Today, he’d touched me. Kissed my cheek. Had he been fishing for an invite to Frankie’s tonight?
“Shut up, woman. You’re losing it.” I scolded myself in the silence of my bedroom. Carter Buchanan was a billionaire. A sexy, arrogant, hard-nosed businessman. He’d never in a million years be interested in a stupid virgin like me. But if he offered, would I give it to him? Would I let him punch my V card and just be another woman in his long line of them?
Hell, yes.
As I slipped into my heels, I knew it didn't matter. I was leaving the company anyway. Sure, being Ford’s secretary was interesting, and good experience, but I hadn’t gone to school for six f*****g years to answer the phone and keep a man’s schedule. No, I’d gotten the call just the day before, a position at a new company in their finance department. All mine. Three times the pay and half the overtime. My final interview with the CEO was tomorrow, but they’d already offered me the job.

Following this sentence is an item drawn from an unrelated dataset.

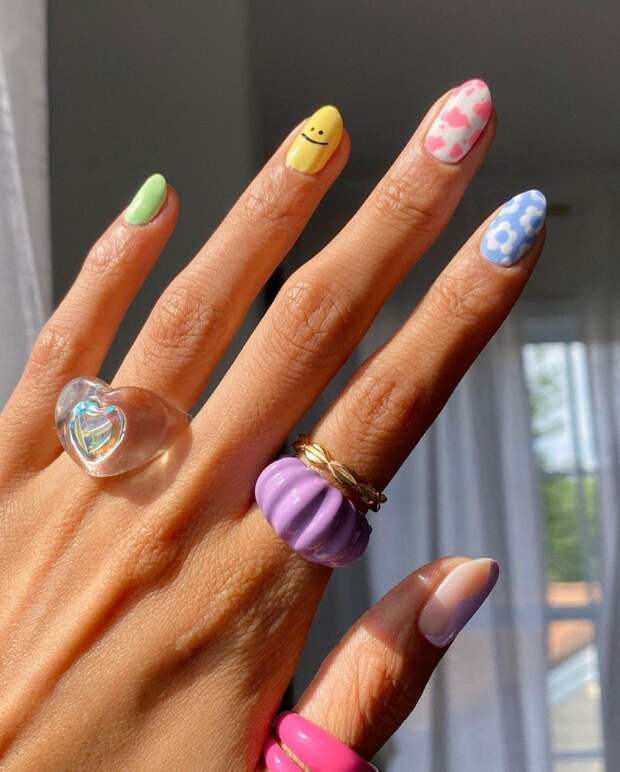 Этот тренд будто возвращает нас в детство, когда красиво — это разноцветно и с множеством мелких деталей. Простор для фантазии огромный: от минималистичных звездочек, капелек и кружочков до сложных оригинальных нейл-артов. Отличный вариант для тех, кому в жизни не хватает ярких красок.
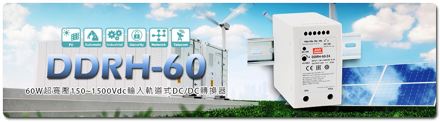 明緯推出首款超寬壓150~1500Vdc輸入的60W軌道式DC/DC轉換器DDRH-60系列

In fact, I’d already given Ford my two-weeks notice. One more week, and I was out.
No more making copies and getting coffee. I’d have my own office with an admin assistant working for me. No more Tuesday and Thursday morning meetings with Carter Buchanan. No more sitting across from him ignoring that sexy as hell cologne.
No more Carter.
I walked to the dresser and put my favorite diamond stud earrings in as I scolded myself. “It’s for the best, Emma. You can’t have him. It’s time to move on.”
No. More. Carter.
I couldn't stand to see another picture of him with a gorgeous woman on his arm. I had to give up the dream that he'd ever want me, that he thought of me as anything more than an employee. And so I was thankful for the change my new job would bring. I'd let this ridiculous obsession with Carter go and move on with my life.
Starting tonight. First, I'd find a guy who wanted a good time. In a couple weeks, I'd start my new job as a full-fledged, experienced woman and finally be free of my obsession with Carter Buchanan.